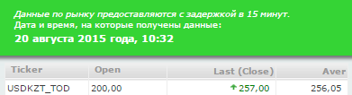 Средневзвешенный курс доллара на утренней сессии 20 августа 2015 года уже составляет 256 тенге, передает корреспондент Tengrinews.kz. Первая сделка утренней сессии, которая открылась в 10.15, прошла по цене в 200 тенге за доллар. Последняя сделка по состоянию на 10.32 состоялась по цене в 257 тенге. Отметим, торги еще продолжаются. Сессия завершается в 11.00. Как известно, Казахстан с сегодняшнего дня перешел к свободно плавающему обменному курсу. Как пояснил глава Нацбанка Кайрат Келимбетов, это означает, что финансовый регулятор уже не регулирует стоимость национальной валюты. Ее цену теперь определяет рынок.
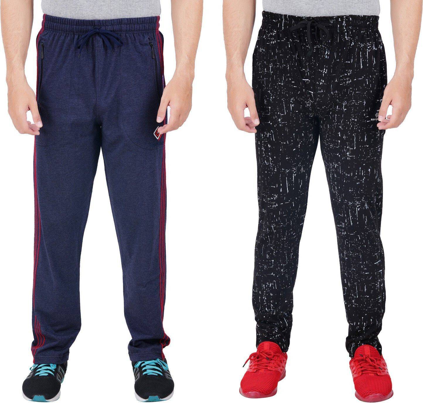FEEL TRACK Solid, Printed Men Dark Blue, Black Track Pants
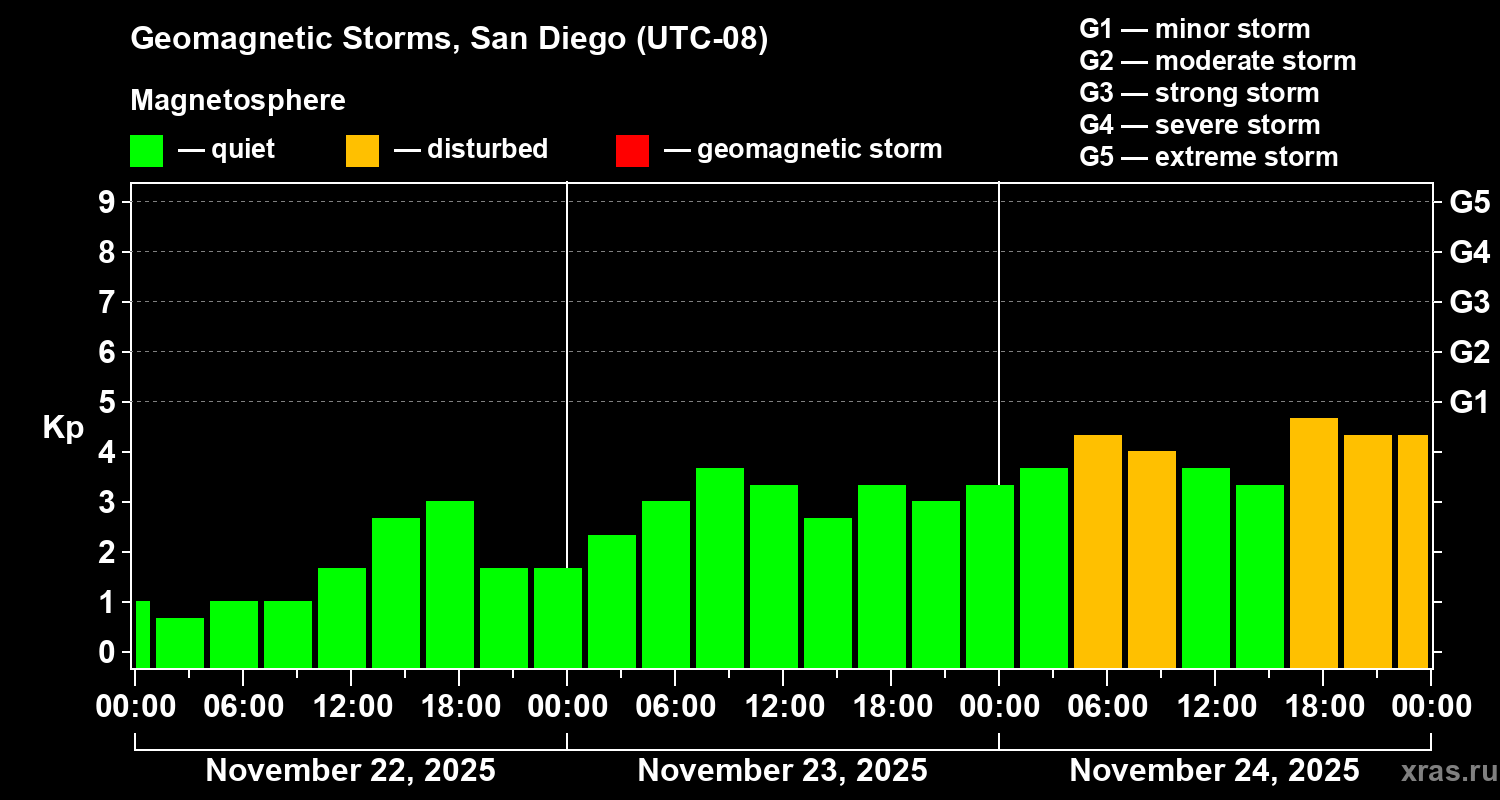 Geomagnetic storms in San Diego — Nov 24, 2025

- _GOAL OF THE EXERCISE_
Word for word, restate the lines from the first line of the material through the line containing "FEEL TRACK Solid, Printed", with the pictures left out.

- _EXERCISE RESPONSE_
 Средневзвешенный курс доллара на утренней сессии 20 августа 2015 года уже составляет 256 тенге, передает корреспондент Tengrinews.kz. Первая сделка утренней сессии, которая открылась в 10.15, прошла по цене в 200 тенге за доллар. Последняя сделка по состоянию на 10.32 состоялась по цене в 257 тенге. Отметим, торги еще продолжаются. Сессия завершается в 11.00. Как известно, Казахстан с сегодняшнего дня перешел к свободно плавающему обменному курсу. Как пояснил глава Нацбанка Кайрат Келимбетов, это означает, что финансовый регулятор уже не регулирует стоимость национальной валюты. Ее цену теперь определяет рынок.
FEEL TRACK Solid, Printed Men Dark Blue, Black Track Pants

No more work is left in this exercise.